Page 25: Guida Allo Zen

La prossima stazione sul percorso è la città di Entrevaux, una città di confine, una fortezza medievale molto popolare ai turisti. Da qui, è necessario salire per una carrettiera che serpeggia attraverso le montagne e, finalmente, passato altri due o tre villaggi si arriva al villaggio di La Rochette. L'Eitai-ji si trova a due chilometri oltre, salendo per una strada campagna da La Rochette. Le proprietà del tempio occupano approssimativamente 200 ettari in mezzo alle montagne ad una altezza di circa 1,100 metri. I’intero luogo si affaccia a Sud e domina su una vista panoramica senza uguali. Anche se la neve cade molte volte all’anno durante l’inverno, si scioglie molto rapidamente ed il sentiero è sempre praticabile. Osservazioni Noi del tempio di Eital-ji appena abbiamo cominciato, ma stiamo seguendo il nostro modesto addestramento con le seguenti osservazioni: 1) Una sessioni di zazen della durata di una settimana alla fine di ogni mese per residenti e partecipanti ospiti. Nonostante i costi siano considerevoli per il trasporto da Parigi e per partecipare alla sesshin, le persone vengono ogni fine mese, alcuni di loro desiderano fare anche soggiorni estesi. Esse si svegliano con noi alle tre di mattina e conducono otto sessioni di zazen quotidiano. Ci sono attualmente solamente quattro residenti. 2) Durante i loro i soggiorni di tre mesi, Ricardo Dokyu e Gose Mokugen che addestrarono qui al tempio Eihei-ji si incaricano di guidare con il salmodiare del servizio della mattina il comportamento dignitoso degli officianti. 3) Durante le festività di maggio e agosto del 2000 conducemmo alcuni programmi di lavoro (fushin). Quattro sessioni di zazen furono tenute dalla mattina alla sera. Durante il giorno, i residenti lavorarono sodo per riparare alcuni lavori urgenti necessari: riparazioni della strada, riparazioni del tetto e riparazioni del pavimento e del soffitto nella sala di zazen provvisoria. Così i risultati furono realizzati ad un minimo costo, ed in più con grande professionalità. (4) Grazie al contributo di un lavoro di cooperazione siamo stati capaci di tagliare molta legna da ardere per tutto l'inverno.
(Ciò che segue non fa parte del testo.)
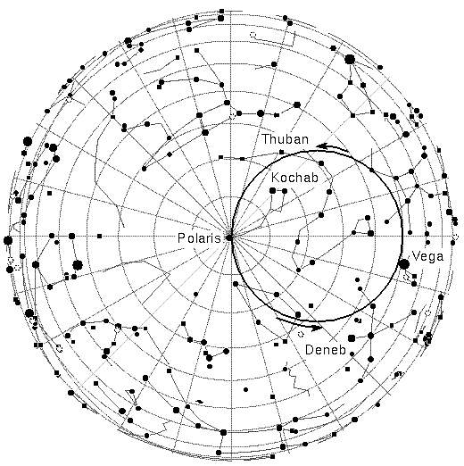 세차운동으로 인한 자전축의 경로로 약26,000년 주기로 회전한다. 고대 문명이 발생하던 시기에는 용자리의 으뜸별 투반(Thuban)이 북극성이었으며, 기원전 1500년에서 서기 500년경까지는 작은곰자리의 베타(β)별 코카브(Kochab)가 북극성으로 불렸었다. 그 후 지금까지 약 1500년 동안은 현재의 북극성(Polaris)이 하늘의 북극에 가장 가까이 있는 별이다. 앞으로 1000년 정도가 지나면 케페이드자리의 에라이(Errai)가 북극성이 될 것이고, 약 1만 2000년 후에는 거문고자리의 으뜸별인 직녀성(Vega)이 새로운 북극성이 될 것이다.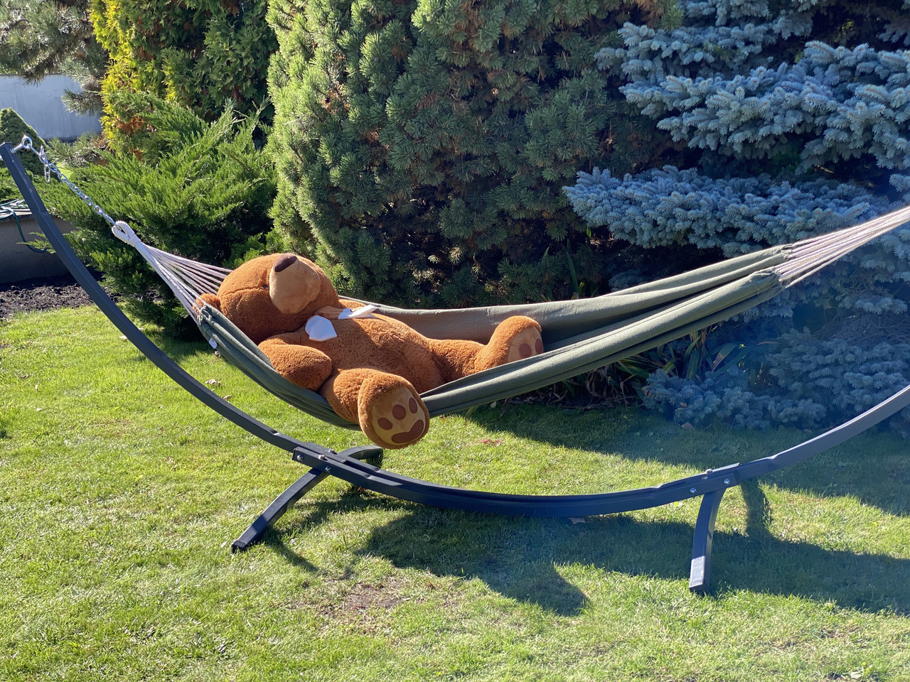 Каркас стійки підходить для всіх типів гамаків: одномісного, двомісного, сімейного. У комплекті зі стійкою надається весь необхідний комплект кріплень для збірки стійки і установки гамака.

5) Incoraggiati dal nostro buon raccolto di ravanelli e di daikon e bok-choy, intendiamo di piantare più cose per questo anno. 6) Il numero di partecipanti che Eitai-ji attualmente riesce a gestire nelle sessioni di zazen può variare da otto a 15 persone. Sebbene i residenti non debbano pagare niente, loro

Page 26: Guida Allo Zen

non ricevono nessuna remunerazione per il lavoro svolto. L’edificio principale sta attualmente e temporaneamente servendo sia da sala di zazen che da sala principale di studio, tuttavia stiamo prendendo nuove iniziative e pensiamo di crescere andando avanti. 7) Stiamo cercando di adattare le pratiche, le regolamentazioni e le osservazioni in concordanza con la scuola Soto Zen. Condizioni attuali La nostra lingua di base è chiaramente il francese, ma tutte le nostre esposizioni sono state tradotte in inglese, alcuni nostri partecipanti hanno dimostrano un interesse fervente nello studiare gli insegnamenti di altre scuole buddiste. Speriamo che comprendiate che il lavoro fisico sará parte integrante della vostra permanenza, qui lavorerete nel nostro orto e ci aiuterete a riparare eventualmente anche gli edifici, tutto ciò sarà combinato con la pratica dello zazen al fine di fare al tempio di Eitaiji la forma del vecchio stampo giapponese. I nostri compiti principali sono piantare alberi e fare del giardinaggio in modo tale da migliorare la naturale bellezza del panorama e coesistere con i cinghiali, cervi e capre selvatiche.